Like one remembers to bring attention to the breath or the mind, we remember the reflection. We remember the object and its purpose. Our practice may include formal sitting, where we think about all the elements of aging, illness or the other reflections, like its inevitability, what it might actually look like for us, how it might feel, and so on.

Or it might be an informal practice, where we hold death over our shoulder as we live our ordinary days. With consistent practice, the perspective born of these reflections becomes imbued into our lives.

We may sometimes notice a tendency to frantic urgency. But living regularly with these reflections, we naturally begin to release the frantic urgency and drop beneath the fear.

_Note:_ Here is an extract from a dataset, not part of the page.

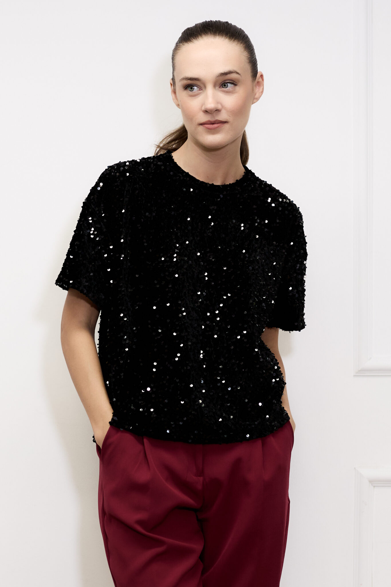 הזמן שלך לזהור! חולצת פייטים בגזרה ישרה, שרוולים קצרים וצווארון עגול.

Yes, this is urgent; yes, it matters, but we have a way to approach this. Knowing there is a way through this human dilemma brings forth the quality of pasada, cool confidence in the path. We gradually become established in the collected quality of mind that comes with knowing where we are headed.

The path we are headed on has two key elements: the life of active compassion and the way of living and practices that lead to the understanding that in the here and now, there is no ageing and death, only the flux of experience. When insight is gifted, we may open to the possibility of what the Buddha called the deathless.

Both aspects of this path—establishment in compassion and the living understanding of the deathless—call us to release our self-centered orientation towards life. This is not easy and cannot be done alone. In fact, this path is not possible to undertake alone. We need from each other the power of reminding, the respite of love, and the amplifying power of relationship to see clearly. This is refuge in the Sangha. Opening out through wise relations, we can be supported and be joined in the samvega and pasada.

Wholesome urgency comes with remembering, reminding each other: let’s not waste any time because this life is too precious. Wholesome cooling and confidence, as part of an interpersonal path, is a mutual down regulating and sustenance of faith in the path.

Drop by drop these reflections benefit the body mind. The totality of our practice is our lives. Are we headed towards a stupid life or a wise one, an ignorant death or a wakeful one? There is a choice.

I invite us into this sense of these reflections of doing the good work, doing so in the tenderness of the shared human experience.